As noted in the lecture, gene-set enrichment analysis with RNA-Seq data entails some subtleties. Briefly,
a number of different approaches have been proposed that each imply slightly different
null hypotheses that are being tested against, and their biologically interpretation differs.
This is a topic of ongoing research.
We here present a relatively simplistic approach, to demonstrate the basic ideas, but note that a more
careful treatment will be needed for more definitive results.

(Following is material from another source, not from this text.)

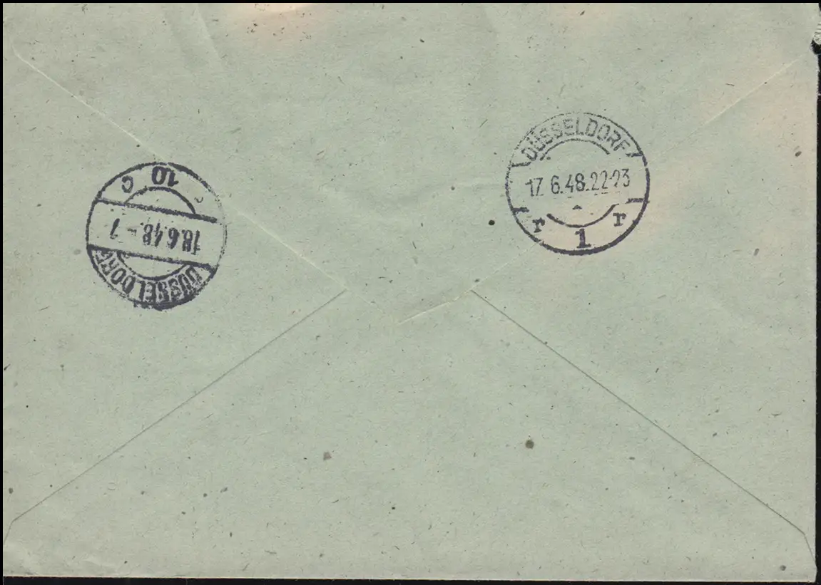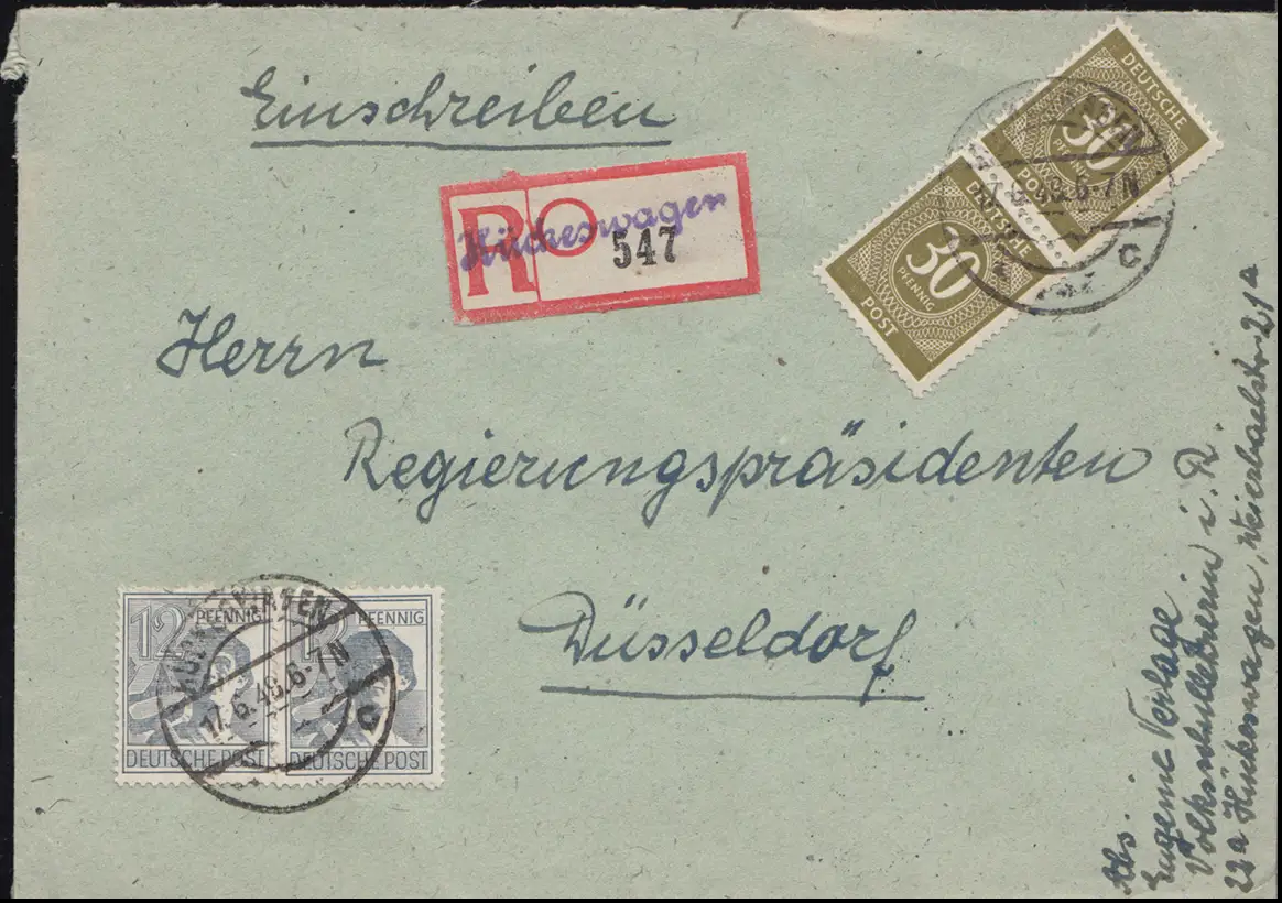 Portogerechte Mischfrankatur auf Brief im Fernverkehr als Einschreiben an den Regierungspräsidenten in DÜSSELDORF18.6.48.

We use the gene sets in the Reactome database
<<loadReactome>>=
library( "reactome.db" )
@
This database works with Entrez IDs, so we will need the \Robject{entrezgene}
column that we added earlier to the \Robject{res} object.
First, we subset the results table, \Robject{res}, to only those genes for
which the Reactome database has data (i.e, whose Entrez ID we
find in the respective key column of \Robject{reactome.db}) and
for which the DESeq2 test gave an adjusted $p$ value that was not \Robject{NA}.
<<subsetTores2>>=
res2 <- res[ res$entrezgene %in% keys( reactome.db, "ENTREZID" ) &
!is.na( res$padj ) , ]
head(res2)
@
Using \Rfunction{select}, a function from \Rpackage{AnnotationDbi} for querying
database objects, we get a table with the mapping from Entrez IDs to
Reactome Path IDs
<<queryReactome>>=
reactomeTable <- AnnotationDbi::select( reactome.db,
keys=as.character(res2$entrezgene), keytype="ENTREZID",
columns=c("ENTREZID","REACTOMEID") )
head(reactomeTable)
@
%
The next code chunk transforms this table into an \emph{incidence matrix}. This is
a Boolean matrix with one row for each Reactome Path and one column for each
gene in \Robject{res2}, which tells us which genes are members of which
Reactome Paths. (If you want to understand how this chunk exactly works,
read up about the \Rfunction{tapply} function.)
<<CreateIncidenceMatrix>>=
incm <- do.call( rbind, with(reactomeTable, tapply(
ENTREZID, factor(REACTOMEID), function(x) res2$entrezgene %in% x ) ))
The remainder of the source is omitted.